There are $2n$ cards in a stack. At any stage, if the cards are $a_1,a_2,\ldots,a_{2n}$ from top to bottom, then it becomes $a_{2n},a_1,a_{2n-1},a_2,\ldots,a_{n+1},a_n$. In how many steps will the cards return to the original order (if it ever happens)?
$n=1$: $12\rightarrow 21\rightarrow 12$. ($2$ steps)
$n=2$: $1234\rightarrow 4132\rightarrow 2431\rightarrow 1234$. ($3$ steps)

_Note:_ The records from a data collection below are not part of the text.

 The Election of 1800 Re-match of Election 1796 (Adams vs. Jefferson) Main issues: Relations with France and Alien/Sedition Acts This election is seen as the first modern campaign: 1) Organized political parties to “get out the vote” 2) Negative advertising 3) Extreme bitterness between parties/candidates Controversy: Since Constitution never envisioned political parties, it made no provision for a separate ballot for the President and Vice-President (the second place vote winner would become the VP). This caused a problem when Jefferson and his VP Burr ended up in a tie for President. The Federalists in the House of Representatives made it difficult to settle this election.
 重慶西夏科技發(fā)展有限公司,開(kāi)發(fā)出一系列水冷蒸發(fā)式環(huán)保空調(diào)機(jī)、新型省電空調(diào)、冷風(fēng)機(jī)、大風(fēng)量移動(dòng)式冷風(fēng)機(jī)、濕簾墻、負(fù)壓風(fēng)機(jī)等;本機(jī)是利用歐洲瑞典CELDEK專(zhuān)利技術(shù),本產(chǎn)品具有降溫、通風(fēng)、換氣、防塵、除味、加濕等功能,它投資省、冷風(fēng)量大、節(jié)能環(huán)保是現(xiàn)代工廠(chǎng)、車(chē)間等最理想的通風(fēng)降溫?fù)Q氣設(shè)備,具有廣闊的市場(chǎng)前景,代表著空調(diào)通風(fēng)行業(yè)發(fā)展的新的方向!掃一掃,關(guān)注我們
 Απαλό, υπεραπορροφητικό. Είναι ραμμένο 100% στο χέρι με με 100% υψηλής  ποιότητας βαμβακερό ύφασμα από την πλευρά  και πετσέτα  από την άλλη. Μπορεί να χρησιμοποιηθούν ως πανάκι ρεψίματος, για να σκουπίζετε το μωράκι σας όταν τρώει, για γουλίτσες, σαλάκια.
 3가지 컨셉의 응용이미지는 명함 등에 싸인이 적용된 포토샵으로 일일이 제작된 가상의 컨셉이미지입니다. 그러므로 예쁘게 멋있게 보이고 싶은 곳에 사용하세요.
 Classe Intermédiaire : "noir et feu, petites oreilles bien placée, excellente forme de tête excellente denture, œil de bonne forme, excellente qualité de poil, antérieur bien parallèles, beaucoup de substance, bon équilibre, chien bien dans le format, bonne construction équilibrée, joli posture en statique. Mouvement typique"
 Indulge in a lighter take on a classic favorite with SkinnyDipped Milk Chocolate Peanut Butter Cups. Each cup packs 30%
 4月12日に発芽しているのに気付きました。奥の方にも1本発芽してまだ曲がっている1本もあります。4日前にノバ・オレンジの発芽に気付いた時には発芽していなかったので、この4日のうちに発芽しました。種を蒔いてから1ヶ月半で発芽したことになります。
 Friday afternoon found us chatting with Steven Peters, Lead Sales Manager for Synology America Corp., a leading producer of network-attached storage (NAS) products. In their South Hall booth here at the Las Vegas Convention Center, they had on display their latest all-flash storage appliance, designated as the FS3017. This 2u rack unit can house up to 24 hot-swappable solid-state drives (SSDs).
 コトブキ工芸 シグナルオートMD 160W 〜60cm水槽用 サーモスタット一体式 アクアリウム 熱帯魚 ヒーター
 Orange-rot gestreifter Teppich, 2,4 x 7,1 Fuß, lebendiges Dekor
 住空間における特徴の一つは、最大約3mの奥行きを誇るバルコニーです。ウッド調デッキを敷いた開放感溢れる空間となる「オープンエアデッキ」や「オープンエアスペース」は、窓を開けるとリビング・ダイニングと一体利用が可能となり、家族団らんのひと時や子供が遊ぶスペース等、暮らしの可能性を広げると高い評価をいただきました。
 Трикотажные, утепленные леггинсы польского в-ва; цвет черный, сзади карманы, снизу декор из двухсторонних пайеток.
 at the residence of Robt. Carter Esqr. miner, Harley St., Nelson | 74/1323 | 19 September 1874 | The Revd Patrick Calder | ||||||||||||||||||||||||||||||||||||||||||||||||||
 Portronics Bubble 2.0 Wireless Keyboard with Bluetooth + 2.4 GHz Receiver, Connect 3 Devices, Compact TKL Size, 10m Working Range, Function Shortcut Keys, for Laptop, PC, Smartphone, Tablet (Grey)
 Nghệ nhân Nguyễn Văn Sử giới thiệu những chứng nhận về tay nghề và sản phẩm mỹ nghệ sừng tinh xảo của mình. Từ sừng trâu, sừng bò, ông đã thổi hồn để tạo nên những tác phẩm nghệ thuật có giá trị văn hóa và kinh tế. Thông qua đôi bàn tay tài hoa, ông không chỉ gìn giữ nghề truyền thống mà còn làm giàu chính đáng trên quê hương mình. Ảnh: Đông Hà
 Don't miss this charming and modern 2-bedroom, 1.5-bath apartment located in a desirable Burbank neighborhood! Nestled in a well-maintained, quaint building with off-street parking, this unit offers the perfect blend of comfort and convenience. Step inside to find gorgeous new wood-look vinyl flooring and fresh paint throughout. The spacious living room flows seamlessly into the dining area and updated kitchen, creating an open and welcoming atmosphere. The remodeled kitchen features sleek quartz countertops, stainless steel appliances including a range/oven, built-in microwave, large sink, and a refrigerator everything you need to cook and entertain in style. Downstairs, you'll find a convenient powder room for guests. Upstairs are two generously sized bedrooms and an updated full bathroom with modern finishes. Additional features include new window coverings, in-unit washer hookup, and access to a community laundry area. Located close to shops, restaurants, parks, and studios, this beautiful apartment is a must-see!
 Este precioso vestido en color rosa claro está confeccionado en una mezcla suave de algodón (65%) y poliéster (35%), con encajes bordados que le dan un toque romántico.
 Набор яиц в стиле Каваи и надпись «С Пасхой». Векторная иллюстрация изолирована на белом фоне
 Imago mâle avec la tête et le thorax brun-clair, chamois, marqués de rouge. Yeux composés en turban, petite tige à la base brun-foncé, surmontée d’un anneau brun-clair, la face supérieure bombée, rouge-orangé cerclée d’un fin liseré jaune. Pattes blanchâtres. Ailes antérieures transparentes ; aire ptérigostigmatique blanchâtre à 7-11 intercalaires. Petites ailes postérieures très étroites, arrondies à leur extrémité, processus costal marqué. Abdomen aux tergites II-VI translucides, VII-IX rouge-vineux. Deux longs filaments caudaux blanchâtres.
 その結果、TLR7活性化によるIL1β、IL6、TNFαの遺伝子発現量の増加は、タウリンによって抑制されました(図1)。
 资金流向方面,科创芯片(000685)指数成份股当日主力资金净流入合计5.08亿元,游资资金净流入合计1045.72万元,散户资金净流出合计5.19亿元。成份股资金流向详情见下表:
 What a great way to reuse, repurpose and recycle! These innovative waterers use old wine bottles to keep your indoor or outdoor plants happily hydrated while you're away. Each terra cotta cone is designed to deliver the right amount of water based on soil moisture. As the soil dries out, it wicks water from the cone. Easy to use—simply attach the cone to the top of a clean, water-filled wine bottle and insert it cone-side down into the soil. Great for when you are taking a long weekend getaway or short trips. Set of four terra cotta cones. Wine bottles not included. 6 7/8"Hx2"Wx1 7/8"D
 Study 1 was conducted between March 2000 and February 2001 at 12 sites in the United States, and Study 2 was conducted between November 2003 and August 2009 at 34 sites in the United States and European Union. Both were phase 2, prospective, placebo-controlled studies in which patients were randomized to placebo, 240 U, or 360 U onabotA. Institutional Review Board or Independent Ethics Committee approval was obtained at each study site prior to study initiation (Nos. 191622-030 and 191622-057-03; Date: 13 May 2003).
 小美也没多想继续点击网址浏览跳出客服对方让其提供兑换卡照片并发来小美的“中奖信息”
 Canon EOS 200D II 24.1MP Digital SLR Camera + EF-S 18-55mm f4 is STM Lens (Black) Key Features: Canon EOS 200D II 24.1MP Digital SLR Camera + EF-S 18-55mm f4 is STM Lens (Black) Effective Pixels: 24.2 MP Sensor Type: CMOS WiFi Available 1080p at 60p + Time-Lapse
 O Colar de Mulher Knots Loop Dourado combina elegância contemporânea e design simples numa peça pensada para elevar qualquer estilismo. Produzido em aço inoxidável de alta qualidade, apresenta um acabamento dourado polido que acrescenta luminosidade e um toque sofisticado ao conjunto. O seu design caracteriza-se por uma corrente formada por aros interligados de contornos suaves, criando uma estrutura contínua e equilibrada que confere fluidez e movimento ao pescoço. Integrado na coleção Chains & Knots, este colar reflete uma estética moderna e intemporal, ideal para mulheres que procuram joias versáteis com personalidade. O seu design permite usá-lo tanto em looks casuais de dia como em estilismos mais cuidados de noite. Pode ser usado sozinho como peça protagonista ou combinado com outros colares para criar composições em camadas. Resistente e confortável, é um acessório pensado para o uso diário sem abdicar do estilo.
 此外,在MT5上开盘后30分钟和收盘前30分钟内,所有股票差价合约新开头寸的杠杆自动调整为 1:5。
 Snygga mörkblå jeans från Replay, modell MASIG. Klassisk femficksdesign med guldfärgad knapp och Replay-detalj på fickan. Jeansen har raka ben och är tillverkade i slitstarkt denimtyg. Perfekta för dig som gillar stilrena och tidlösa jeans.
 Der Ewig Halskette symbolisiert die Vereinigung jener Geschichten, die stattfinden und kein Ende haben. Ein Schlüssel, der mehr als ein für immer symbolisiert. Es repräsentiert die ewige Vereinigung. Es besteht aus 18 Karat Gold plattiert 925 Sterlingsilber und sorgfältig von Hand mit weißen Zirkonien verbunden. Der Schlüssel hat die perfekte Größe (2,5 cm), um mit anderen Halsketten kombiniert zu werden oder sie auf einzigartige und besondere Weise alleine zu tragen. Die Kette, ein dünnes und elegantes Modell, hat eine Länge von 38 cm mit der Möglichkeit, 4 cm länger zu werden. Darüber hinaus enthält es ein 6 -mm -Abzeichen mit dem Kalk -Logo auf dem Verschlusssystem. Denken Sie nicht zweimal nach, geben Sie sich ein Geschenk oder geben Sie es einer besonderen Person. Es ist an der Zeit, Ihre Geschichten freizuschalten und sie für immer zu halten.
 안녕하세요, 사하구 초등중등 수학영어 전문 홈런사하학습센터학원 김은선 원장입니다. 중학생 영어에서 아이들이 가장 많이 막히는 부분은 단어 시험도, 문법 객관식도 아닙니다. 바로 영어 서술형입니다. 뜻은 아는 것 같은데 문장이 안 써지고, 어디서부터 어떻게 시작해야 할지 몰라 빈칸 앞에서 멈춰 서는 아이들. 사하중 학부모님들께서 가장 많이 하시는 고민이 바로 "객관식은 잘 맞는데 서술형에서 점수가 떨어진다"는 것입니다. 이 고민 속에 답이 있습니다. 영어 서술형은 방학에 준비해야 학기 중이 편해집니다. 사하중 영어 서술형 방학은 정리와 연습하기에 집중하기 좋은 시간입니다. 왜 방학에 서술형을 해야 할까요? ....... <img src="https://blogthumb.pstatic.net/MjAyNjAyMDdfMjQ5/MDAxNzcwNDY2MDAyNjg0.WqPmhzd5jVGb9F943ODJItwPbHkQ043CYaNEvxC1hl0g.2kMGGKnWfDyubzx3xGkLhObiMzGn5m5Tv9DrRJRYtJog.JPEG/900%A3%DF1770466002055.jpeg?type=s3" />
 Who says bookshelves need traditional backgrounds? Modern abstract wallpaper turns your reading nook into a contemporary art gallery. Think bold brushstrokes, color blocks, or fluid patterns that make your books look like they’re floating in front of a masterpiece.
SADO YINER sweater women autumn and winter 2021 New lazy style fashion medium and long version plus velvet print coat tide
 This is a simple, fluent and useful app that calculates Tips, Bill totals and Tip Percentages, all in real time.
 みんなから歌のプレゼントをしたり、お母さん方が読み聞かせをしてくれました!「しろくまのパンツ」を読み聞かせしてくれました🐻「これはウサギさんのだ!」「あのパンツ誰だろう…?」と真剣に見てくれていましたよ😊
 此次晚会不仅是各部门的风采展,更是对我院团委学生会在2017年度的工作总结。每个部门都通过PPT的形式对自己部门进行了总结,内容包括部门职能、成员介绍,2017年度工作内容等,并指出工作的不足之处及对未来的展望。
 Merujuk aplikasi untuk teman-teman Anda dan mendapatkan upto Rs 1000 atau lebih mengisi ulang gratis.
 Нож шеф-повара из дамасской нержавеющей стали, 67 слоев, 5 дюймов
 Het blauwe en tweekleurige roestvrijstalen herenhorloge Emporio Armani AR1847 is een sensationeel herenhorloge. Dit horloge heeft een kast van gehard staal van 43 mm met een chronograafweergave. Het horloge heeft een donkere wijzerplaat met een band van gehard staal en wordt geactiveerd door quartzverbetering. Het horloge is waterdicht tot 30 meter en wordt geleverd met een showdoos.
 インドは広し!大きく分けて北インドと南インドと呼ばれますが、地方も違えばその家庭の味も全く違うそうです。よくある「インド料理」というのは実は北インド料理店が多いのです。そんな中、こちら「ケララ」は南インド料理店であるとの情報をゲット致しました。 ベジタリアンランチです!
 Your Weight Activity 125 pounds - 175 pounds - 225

$n=3$: $123456\rightarrow 615243\rightarrow 364125\rightarrow 532614\rightarrow 451362\rightarrow 246531\rightarrow 123456$ ($6$ steps)
We might be able to track each card individually, and see when it returns to the original position. For example, $a_1$ goes to position $2$, then position $4$, ..., but when it gets to the second half, the rule is more complicated.
This permutation is
$$\pmatrix{1&2&3&4&\ldots&2n-3&2n-2&2n-1&2n\\ 2&4&6&8&\ldots&7&5&3&1}\;.$$
If you number the cards from the bottom of the deck, the same permutation is
$$\pmatrix{1&2&3&4&\ldots&2n-3&2n-2&2n-1&2n\\ 2n&2n-2&2n-4&2n-6&\ldots&2n-7&2n-5&2n-3&2n-1}\;.$$
OEIS A019567 gives the order of this permutation, which is also the number of Mongean shuffles needed to return a deck to its original order. OEIS gives no recurrence or generating function but does note that $a(n)$ is the smallest $m$ such that either $2^m+1$ or $2^m-1$ is divisible by $4n+1$.
Note that if $n=2^k$, then $4n+1=2^{k+2}+1$, so $a(2^k)=k+2$.